O Papa também disse que não era
ninguém para julgar uma pessoa gay, mas sua Igreja continua condenando a
prática homossexual e se opondo ao casamento gay. Como você enxerga isso?
Nisso, o Papa está inovando na
linha da misericórdia e da compreensão. Ele disse: é preciso fazer uma solução
pastoral, ‘o pastor tem que ter o cheiro de ovelha, caminhar junto com seu
povo. E ele entende a condição humana, então não tem nada de rigidez.
E em relação aos abusos sexuais,
dentro da Igreja, está fazendo tudo o que deve para atacar este problema grave?
Aí o Papa é implacável, é
tolerância zero. Esse núncio apostólico de Santo Domingo foi imediatamente
condenado. Um cardeal da Irlanda foi imediatamente demitido e enviado a um
convento para fazer penitência. É rígido porque se trata de pecar contra um inocente,
abusar de quem não pode se defender. Esse crime tem que ser julgado pela
justiça civil, e o Papa tem isso claro. Um crime não pode ser escondido como
foi nos dois pontificados anteriores.
Em março, houve uma polêmica no
Chile porque o Vaticano defendeu a nomeação de um bispo acusado de acobertar
abusos sexuais. Há aqueles que destacam que, na verdade, não são vistas tantas
mudanças...
Todas as mudanças precisam de
processos, não acontecem da noite para o dia. São realizadas com práticas novas
e é um processo pedagógico em que as mentes vão amadurecendo. Muitos ficam para
trás e outros que são muito conservadores ficarão cada vez mais isolados.
O Papa está inaugurando outro
tipo de Igreja, adequada à globalização. Não pode ser uma igreja ocidental, porque
o Ocidente é cada vez mais um acidente na história e a Igreja não pode ser
refém dessa cultura ocidental.
O Papa consultou seus escritos
para preparar a encíclica que lançou, neste ano, sobre a ecologia?
Não é bom falar sobre isto. Mas,
por três vezes fui solicitado a enviar materiais por meio do embaixador
argentino na Santa Sé. Com grande alegria constatei que muitas coisas foram
aproveitadas. No entanto, a encíclica é do Papa, não é minha. O novo da
encíclica é superar a visão da ecologia como ambientalismo. Não é uma encíclica
verde, é uma encíclica da ecologia integral, política, econômica, espiritual,
não somente da relação com a natureza.

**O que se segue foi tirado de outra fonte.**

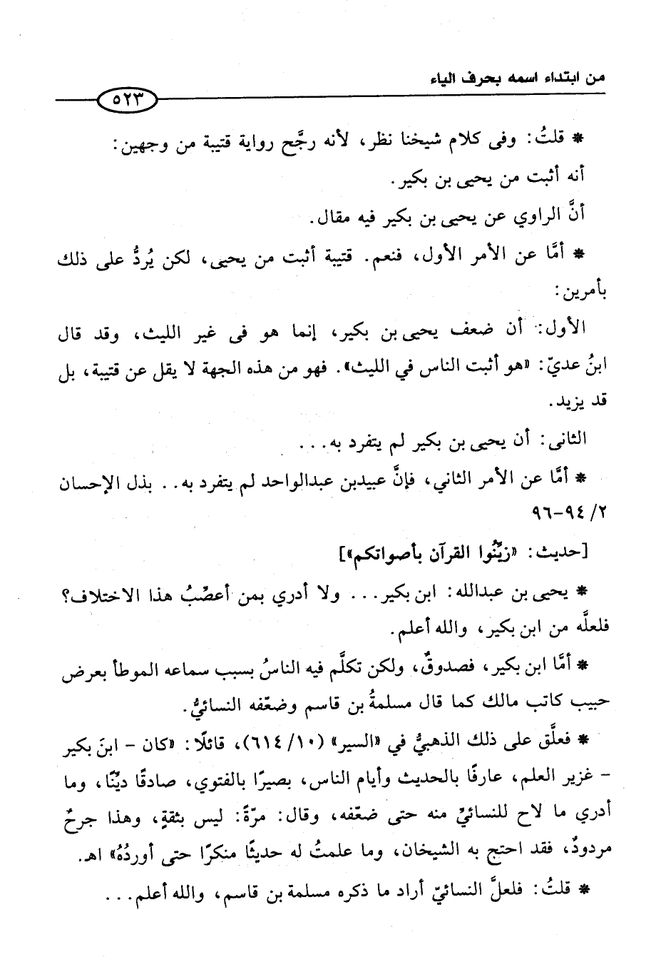 * أمَّا عن الأمر الأول، فنعم. قتيبة أثبت من يحيى، لكن يُردُّ على ذلك بأمرين: الأول: أن ضعف يحيى بن بكير، إنما هو في غير الليث، وقد قال ابنُ عديّ: "هو أثبت الناس في الليث". فهو من هذه الجهة لا يقل عن قتيبة، بل قد يزيد.

O Papa já parte do novo paradigma.
Há alguma mudança na Igreja, com
este Papa, no que diz respeito à Teologia da Libertação?
A Teologia da Libertação tem
várias tendências. Na Argentina, por causa da repressão militar e a fúria
antimarxista, não utilizava nenhuma categoria de classe, mas era a teologia do
povo oprimido e da cultura silenciada. É o mesmo. E Bergoglio nunca foi contra
a Teologia da Libertação. Sempre esteve do lado dos pobres que são oprimidos, a
favor da justiça social.
No entanto, você mesmo havia
criticado Bergoglio como um expoente de conservadorismo da Igreja, alguém que
apoiou o regime militar argentino que cometeu crimes contra a humanidade. Quem
mudou, ele ou você?
Não se pode esquecer que (na
Argentina) a Igreja católica é a igreja oficial do Estado, então todos os
bispos e sacerdotes tinham dificuldade em se opor ao regime. E Bergoglio sofreu
com isso. Porém, não se pode dizer que ele simplesmente aderiu a isso. Salvou
muitíssimas pessoas, como jesuítas que enviou ao Brasil, Uruguai e outras
partes. Mas, a Igreja como continua hoje ainda é em grande parte conservadora,
com exceção de alguns.
Em 2005, você não tinha essa
opinião. Quando o jornal “Página/12” lhe perguntou sobre a candidatura do
cardeal Bergoglio, disse que deveria ser descartada ad limine, porque “um papa
não pode ter sido ligado aos militares como ele”...
Mas, isso é de 2005. Estamos em
2015. Há 10 anos de diferença. Não dou valor a isso. Estava pensando que no
contexto global era difícil que viesse alguém da América Latina – no Chile era
muito pior, no Brasil menos – onde, de alguma maneira, muitos haviam colaborado
com regimes porque eram anticomunistas, por temor ao comunismo, etc. Não era no
sentido de dizer que Bergoglio estava comprometido; pertencia a uma Igreja que,
em seu conjunto, tem muito que pedir perdão ao povo argentino por não ter sido
suficientemente profética e denunciadora dos crimes.
Fonte: BBC Mundo
Um comentário:
A Igreja deve ser acolhedora ,pois foi assim que Jesus agiu em defesa das pessoas .Sem condená-las ,ele as perdoava.
Mas não devemos fazer confusão.O aborto é o assassinato de um ser humano sem meios de defesa.
Não se pode aceitar isso.Todos os direitos às mulheres, mas aborto não!